Weakness of NSCN's demands for Nagalim
- Part 3 -
Dr. Khomdon Singh Lisam *
30. By September 1975, the Naga underground leaders were agreeable for the first time " not to insist on independence as a precondition". A six member underground delegation led by Kevi Yallya (Phizo's brother) met L.P. Singh, Governor of Assam on 10 November, 1975 at Raj Bhavan, Shillong, which led to the signing of the "Shillong Accord". On November 11, 1975, the "Shillong Accord"was signed between the Government of India and the NNC.Under this agreement, the NNC had agreed (1) to accept the solution of the Naga problem within the framework of the Indian Constitution, (2) abjure violence, bring out the armed men (3) to surrender weapons and resolve the residual problems through discussions.
However, the National Assembly summoned by Th. Muivah Gen. Secretary NNC on 15th to 17th August , 1976 at Suphao, condemned outright the "Shillong Accord" as the work of the sole traitors.It also condemned the Zashei Huire for the high treason. The condemnation paper was signed by Messrs Isak Chishi Swu and Th. Muivah in their respective capacities as the Vice-President and the General Secretary NNC.The Assembly elected Mr. Isak Chishi Swu to the Vice-Presidency. Phizo intentionally refused to condemn it right up to the time he breathed his last in 1990. Instead he went on welcoming the "traitors" including his own younger brother, Kevi Yalley, the architect of the Shillong Accord at his London residence
31. On January 31, 1980 ,several underground Naga members , who had strongly opposed the Shillong Accord, led by Isak Chishi Swu and Thuingaleng Muivah (see Plates-164,165) ultimately founded the "National Socialist Council Of Nagaland" (NSCN) with Isak Chishi Swu as the Chairman, S.S Khaplang, a Hemis Naga of upper Myanmar, as Vice–President and Thuingaleng Muivah, a Tangkhul Naga of Manipur's Ukhrul district, as the General Secretary.8 The Kukis claim to hold about 50% of the land in these hill districts, which the NSCN (IM) wishes to be made part of a Greater Nagaland.

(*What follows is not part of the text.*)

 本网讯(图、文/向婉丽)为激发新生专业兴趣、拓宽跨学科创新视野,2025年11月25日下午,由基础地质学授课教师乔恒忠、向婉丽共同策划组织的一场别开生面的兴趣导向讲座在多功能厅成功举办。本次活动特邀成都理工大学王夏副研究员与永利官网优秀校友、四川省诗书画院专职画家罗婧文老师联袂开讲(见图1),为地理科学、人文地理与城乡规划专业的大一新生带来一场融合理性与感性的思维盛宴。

32. The NSCN split when Khaplang suspected Isak and Muivah of secretly initiating talks with the Indian Government. Differences surfaced within the NSCN outfit over the issue of commencing a dialogue process with the Indian Government. On April 30, 1988, an attempt to assassinate Muivah and Tangkhul cadre in the NSCN set–up was executed in which a large number of undergrounds were killed. Mr. Khaplang alleged that "Chairman Isak, General Secretary Muivah and Kilonser Hanong are ready to surrender to India by accepting uncle Suisa's proposal and that they were prepared to seize all the arms to surrender them to India. They are ready to eliminate all the Konyak and the Pangmi National Workers". However, Muivah escaped and as a result, NSCN was vertically split into two factions namely NSCN led by Isak and Muivah (NSCN-IM) and NSCN led by S.S. Khaplang.(NSCN-K) It was the bloodiest internal clash in the history of Naga insurgency. The Konyaks formed the NSCN-K under the leadership of Khole Konyak and S S Khaplang. The Tangkhul faction, the NSCN-IM (Isak-Muivah) was led by Isak Chisi Swu and Th. Muivah. (Sanjay Kumar ).

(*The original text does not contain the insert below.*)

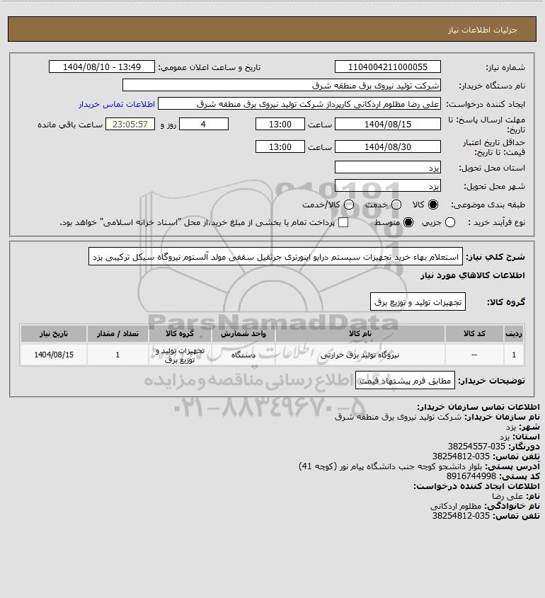 | 1 | -- | نیروگاه تولید برق حرارتی | دستگاه | تجهیزات تولید و توزیع برق | 1 | 1404/08/15 |

33. The NSCN (IM), as part of its strategy of insurgency, is playing the role behind the formation of several ethnic insurgent organisations among the different ethnic groups in the region. NSCN (IM), had masterminded A'Chik Liberation Matgrik Army (ALMA), a Garo insurgent organization . The NSCN (IM) provided logistic support to various ethnic insurgent groups in the region like the ULFA, NDFB, NLFT, PLA, etc., and its approval of the terrorism in Punjab as well as militancy in Jammu and Kashmir. It has got links with many insurgent groups like Dimasa National Volunteers (DNV) of North Cachar Hills (Assam) ,Hmar People's Convention (HPC) (Mizoram), Hynniewtrep National Liberation Council (HNLC) ,A'chik National Volunteers Council (ANVC) of Meghalaya, National Democratic Front of Bodoland of Assam ,National Liberation Front of Tripura (NLFT), Muslim United Liberation Tigers of Assam (MULTA), and Zomi Revolutionary Army (ZRA), People's United Liberation Front (PULF).(Dinesh Kotwal, The Naga Insurgency: The Past And The Future)
The sole motive behind floating this organisation was to make a quick fortune at gunpoint. It seems that the Garo youths having little experience of underground life, joined the ALMA only due to the lure of easy money. They were then trained by NSCN- (IM) activists. During its three year existence, a series of bank robberies were jointly undertaken by ALMA and NSCN (IM) in the Garo Hills. It is learnt that 70 per cent of the booty collected from such joint operations used to go to NSCN (IM) as charges for its services and for arms and ammunitions, while the remaining 30 per cent was left with the ALMA as a reward for its local cover. NSCN (IM) had similar links with Dimasa National Volunteers (DNV) of North Cachar Hills (Assam) as well as Hmar People's Convention (HPC) (Mizoram) (Dinesh Kotwal , The Naga Insurgency: The Past And The Future).
NSCN (IM) has also brought outfits like People's United Liberation Front (PULF), Muslim United Liberation Tigers of Assam (MULTA), and Zomi Revolutionary Army (ZRA), under its fold.. Floating of such smaller ethnic insurgent groups serve two broad purposes for NSCN (IM). First, it opens up multiple fronts for the counter–insurgency agencies like police, army, intelligence, etc., and keeps them busy elsewhere rather than concentrating in the strongholds of the core insurgent group. Second, it helps the core insurgent group to mobilise additional resources from areas beyond its sphere of influence as well as provides the necessary cover–ups for its operations in an altogether different ethno–social milieu.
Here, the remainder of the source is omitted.